Can we still postpone the harder tests until the end?
Sean: there are Java methods for internationalization of messages
Jo: but people may not have
access to Java compilers etc
... shows example of XSL
... to show how XSL can be used to capture test results from a
document
Dom: in this case the XSL is
doing some of the analsys as well as the presentation .. not a
very clean model
... this division of intelligence makes bug fixing smart
... you loose the benefits of modularization
... intelligence should not be built into this layer -- should
be limited to lighter tasks
Jo: having more intelligence in the XSL means that the test doc (the intermediate doc) is richer
Dom, Sean: There should be a line somewhere -- how much processing should be done up front
Jo: if the intermediate doc is not rich, you preclude the opportunity to decorate the original document -- this is a good way to add value
Dom: we could analyse the 26 tests and see how many of them lend themselves to pre-processing or not
Why not do both? Include both a summary and the extra detail in the intermediate doc
Jo: it may make sense to do the validity checking at the same time as the pre-processing
Sean: how strong is the case for
extensibility?
... Is this our goal?
Is this a reference implemention or a software building block?

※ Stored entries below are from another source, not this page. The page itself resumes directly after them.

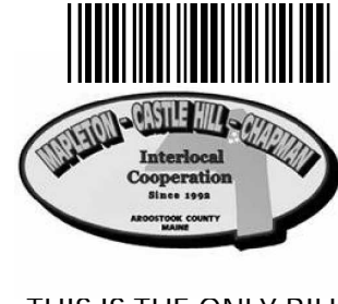
THIS IS THE ONLY BILL YOU WILL RECEIVE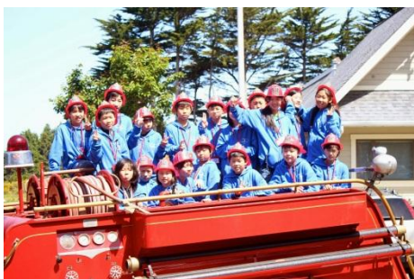
Miasa students at the Volunteer Fire Station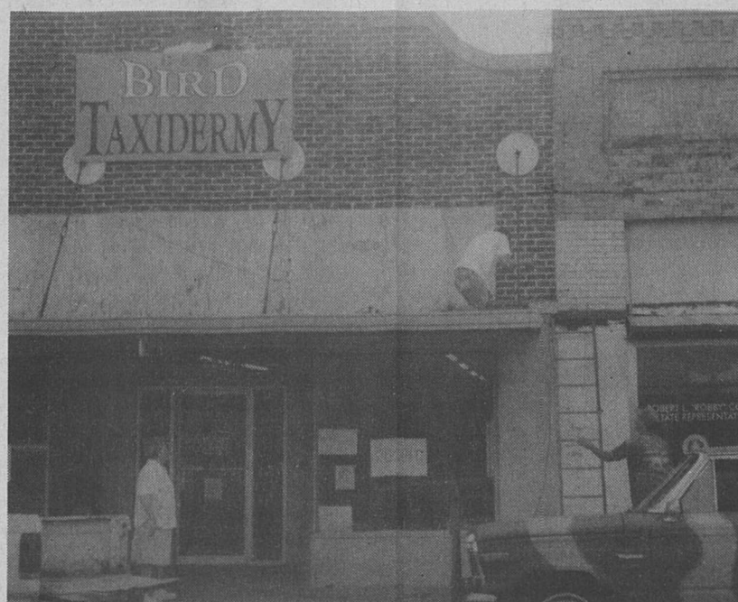
A sign of change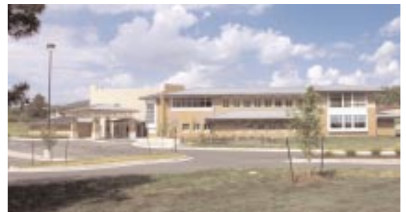
The ALSA Center Housed in the Landon Center 3599 Rainbow Blvd. Kansas City Kansas 66160.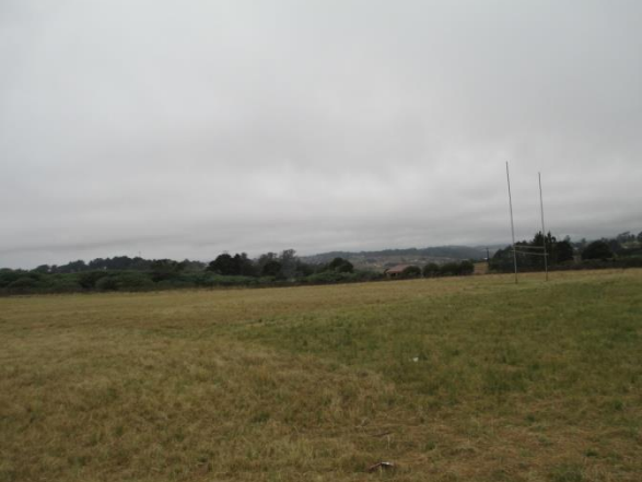
Figure 5: Rugby field within the proposed site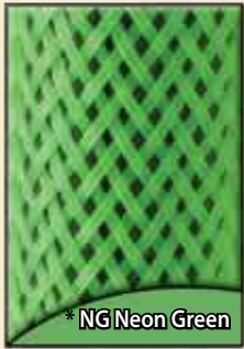
*NG Neon Green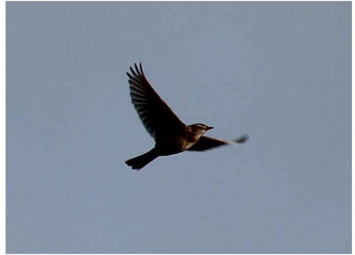
Richard's Pipit at Abbotscliffe

A rare but regular passage migrant to Kent, particularly in the autumn. There had been 119 county records to the end of 2010, 55% of which were in the last twenty years.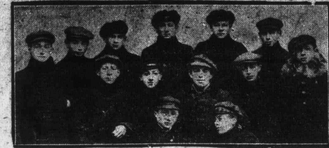
THEY ARE CATCHING 'EM YOUNG IN POLAND. Here is a group of Polish boys who are being conscripted for the Polish army.

The newspaper adds that the railways would be administered in four groups and that large economies in administration and cost of running would be effected. There now are 125 distinct railway companies, a majority of which are very small concerns.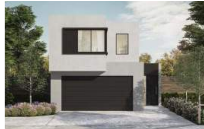
Vanessa. 🏠 4 🚗 2 🚗 2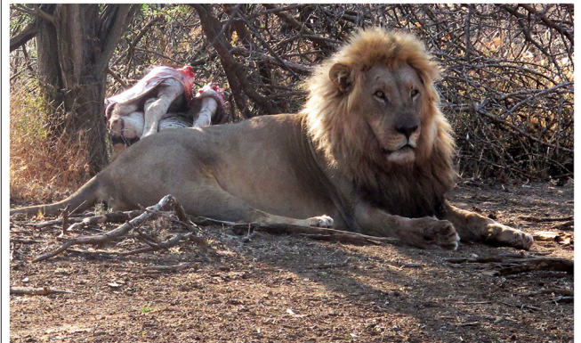
FIGURE 9 | Lion with zebra carcass, Waterberg Plateau Park, Namibia.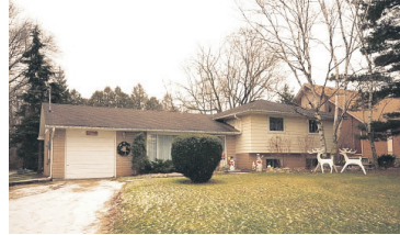
OVER AN ACRE - SHOP! CLOSE TO TOWN!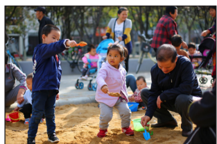
Children play with sand at Min'an Park — a pocket park in Weifang.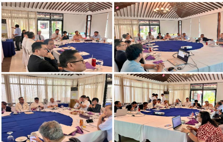
Photos were taken during the FPI Board Meeting on January 14, 2026, Wednesday, 11:30am, Pavillion & Cabana, Club Filipino, San Juan City.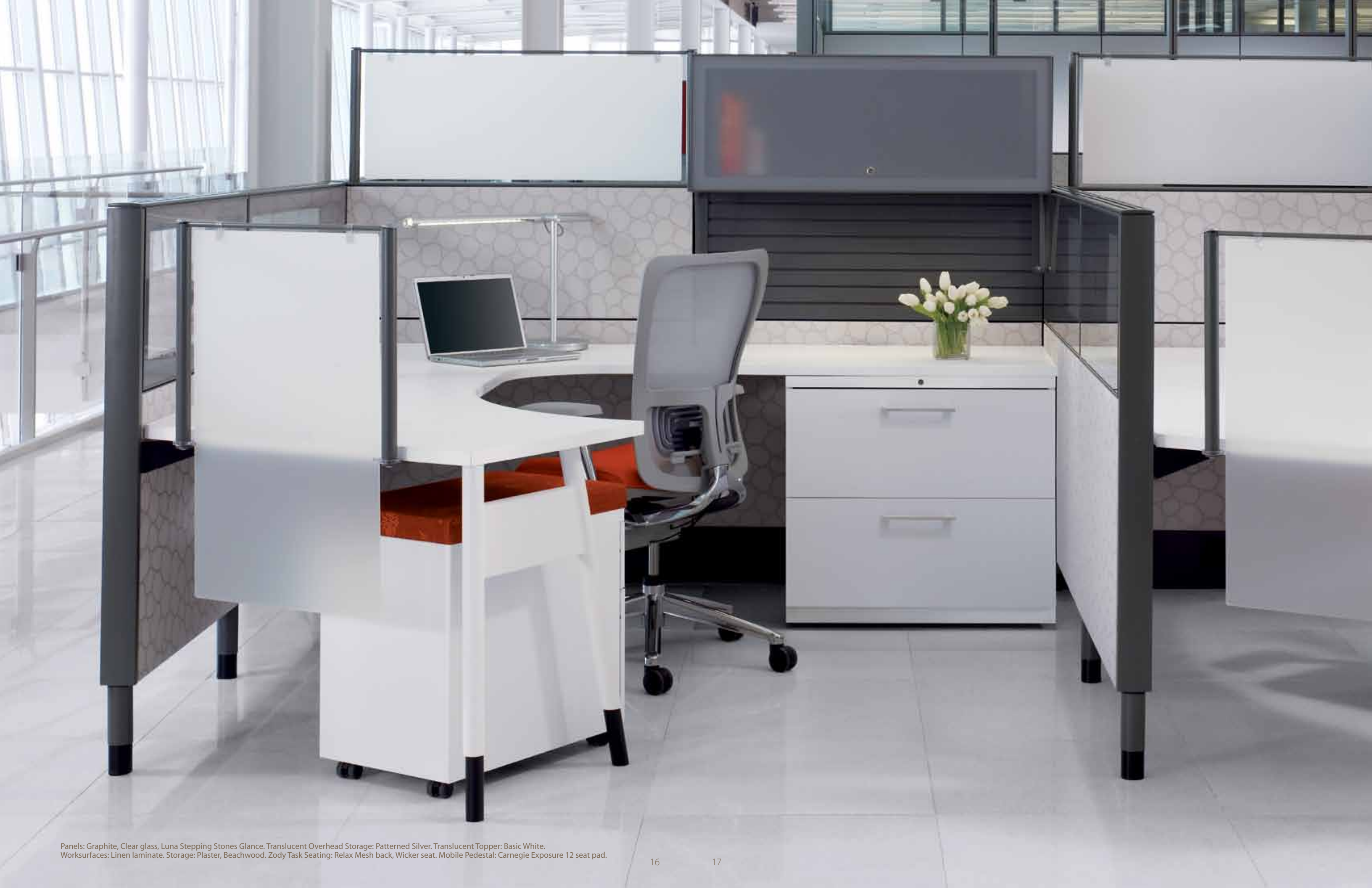
Panels: Graphite, Clear glass, Luna Stepping Stones Glance. Translucent Overhead Storage: Patterned Silver. Translucent Topper: Basic White. Worksurfaces: Linen laminate. Storage: Plaster, Beachwood. Zody Task Seating: Relax Mesh back, Wicker seat. Mobile Pedestal: Carnegie Exposure 12 seat pad.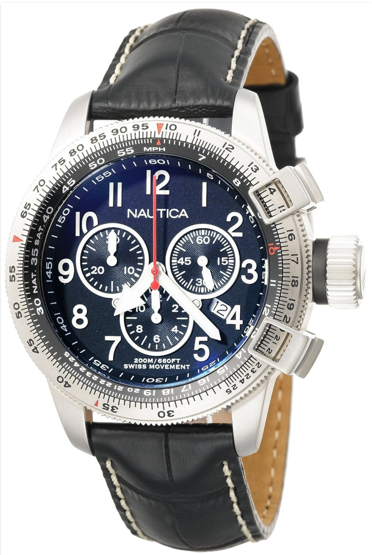
Image 1: Front view of the Nautica Men's N22503 BFC Chronograph Watch, featuring a blue dial, three subdials, and a black leather strap with white stitching.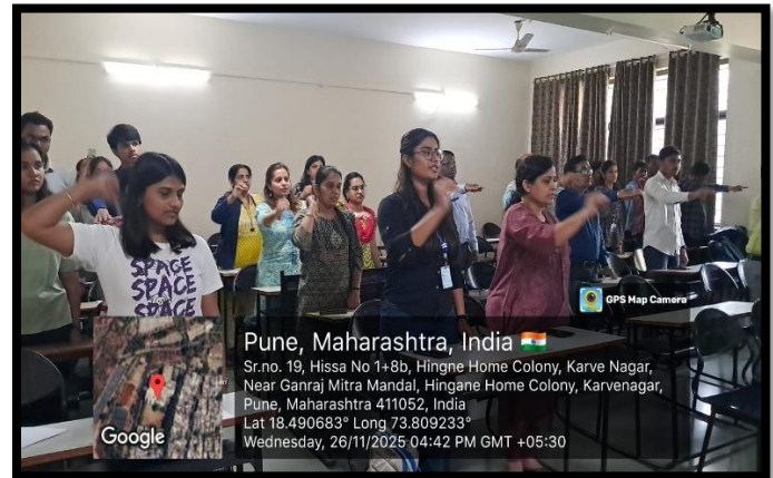
Pune, Maharashtra, India Sr.no. 19, Hissa No 1+8b, Hingne Home Colony, Karve Nagar, Near Ganraj Mitra Mandal, Hingane Home Colony, Karvenagar, Pune, Maharashtra 411052, India Lat 18.490683° Long 73.809233° Wednesday, 26/11/2025 04:42 PM GMT +05:30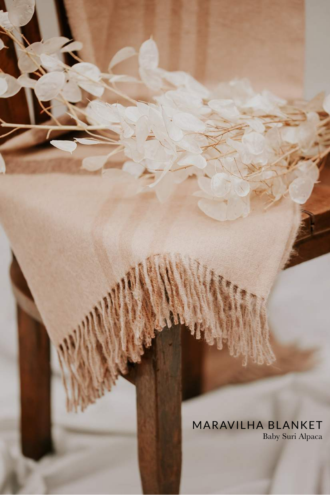
MARAVILHA BLANKET Baby Suri Alpaca

Sean: it seems like there are 2 things here: 1) go get doc and do some analysis on it and 2) report on this
Dom: thinks that base implementation should do only minimal digest of tests
Jo: we need to think about
this
... one school of thought is that we add no extra information
to the result
... other schools that we add lots of data -- perhaps
everything we know -- into the result doc
... for value-add for other applications
Will revisit this discussion tomorrow
<dom> Evaluation and Report Language (EARL) 1.0 Schema, W3C Working Draft 23 March 2007
<dom> Outcome value in EARL
<shadi> http://www.w3.org/TR/2007/WD-EARL10-Schema-20070323/#testresult
<shadi> earl:info
<dom> 2.6. Test Result in EARL, with earl:info property
<dom> 2.6. Test Result in EARL, with earl:info property
Discussion about EARL's suitability to mOK
EARL does not have ability to group tests -- which is probably necessary for mOK
Jo: making the tests more atomic is not necessarily a solution for this
Sean: We could use the info elements to hold extra information
Dom: We should not be relying on human readable stuff
Sean: we can add an extension to
the EARL RDF vocabulary that will allow us to express mOK
tests
... the vocabulary should accomodate this
... to what extent does EARL let you describe your test
implementation?
Shadi: there is a compound assert element that can be used for this purpose
<dom> ACTION: Sean to draft comments on EARL 1.0 [recorded in http://www.w3.org/2007/04/02-bpwg-minutes.html#action04]
Discussion about how to represent XML etc in EARL
There is no defined way to do this
Jo: we should have a schema for
this so that XPATH can be used
... would be nice if all implementations used this schema - not
just ours
... we need to take our example of the result document much
further than it already is
Dom: we could look at the dotMobi XML mOK output and try to transform it to EARL
<dom> ACTION: Jo to transform an instance of Mr Dev output in our expected EARL output format [recorded in http://www.w3.org/2007/04/02-bpwg-minutes.html#action05]
<dom> shadi: EARL is perfect
<dom> ... don't you dare send comments
<shadi> clarification: this is of course a joke :)
<jo> tomorrow - zoom in on intermediate doc and the design doc and code, maybe, process ownership etc.